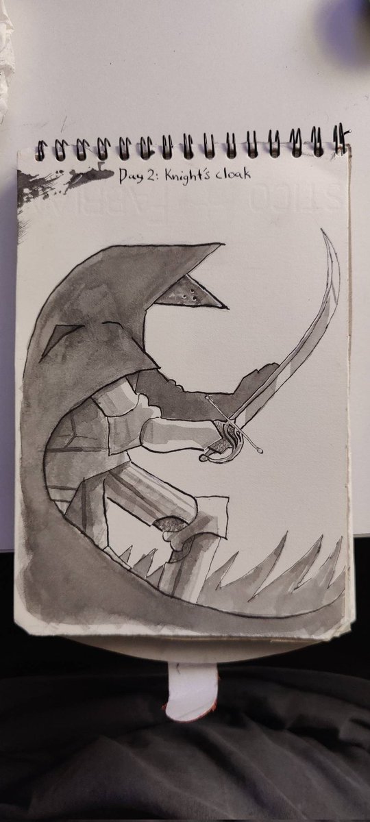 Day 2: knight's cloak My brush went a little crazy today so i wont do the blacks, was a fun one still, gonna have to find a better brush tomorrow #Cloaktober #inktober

* * *

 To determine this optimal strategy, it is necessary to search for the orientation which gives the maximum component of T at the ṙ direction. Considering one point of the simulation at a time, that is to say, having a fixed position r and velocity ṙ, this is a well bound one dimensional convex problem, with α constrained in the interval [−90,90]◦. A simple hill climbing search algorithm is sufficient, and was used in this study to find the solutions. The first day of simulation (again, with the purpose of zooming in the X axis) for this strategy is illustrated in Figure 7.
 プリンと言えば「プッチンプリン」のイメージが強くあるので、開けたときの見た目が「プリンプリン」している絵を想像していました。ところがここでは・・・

...

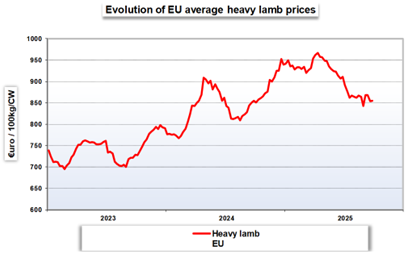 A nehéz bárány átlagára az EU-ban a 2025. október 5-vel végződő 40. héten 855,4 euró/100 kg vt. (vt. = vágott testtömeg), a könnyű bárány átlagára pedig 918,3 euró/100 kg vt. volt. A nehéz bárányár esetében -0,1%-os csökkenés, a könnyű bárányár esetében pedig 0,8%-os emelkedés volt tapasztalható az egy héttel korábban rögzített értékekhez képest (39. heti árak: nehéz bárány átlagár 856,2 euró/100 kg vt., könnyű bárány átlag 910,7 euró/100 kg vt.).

(ACTIVITY):
Reproduce exactly the stretch of the material above that starts at the line with "To determine this" and ends at the line with "プリンと言えば「プッチンプリ", both included, and nothing else.

(RESULT OF THE EXERCISE):
 To determine this optimal strategy, it is necessary to search for the orientation which gives the maximum component of T at the ṙ direction. Considering one point of the simulation at a time, that is to say, having a fixed position r and velocity ṙ, this is a well bound one dimensional convex problem, with α constrained in the interval [−90,90]◦. A simple hill climbing search algorithm is sufficient, and was used in this study to find the solutions. The first day of simulation (again, with the purpose of zooming in the X axis) for this strategy is illustrated in Figure 7.
 プリンと言えば「プッチンプリン」のイメージが強くあるので、開けたときの見た目が「プリンプリン」している絵を想像していました。ところがここでは・・・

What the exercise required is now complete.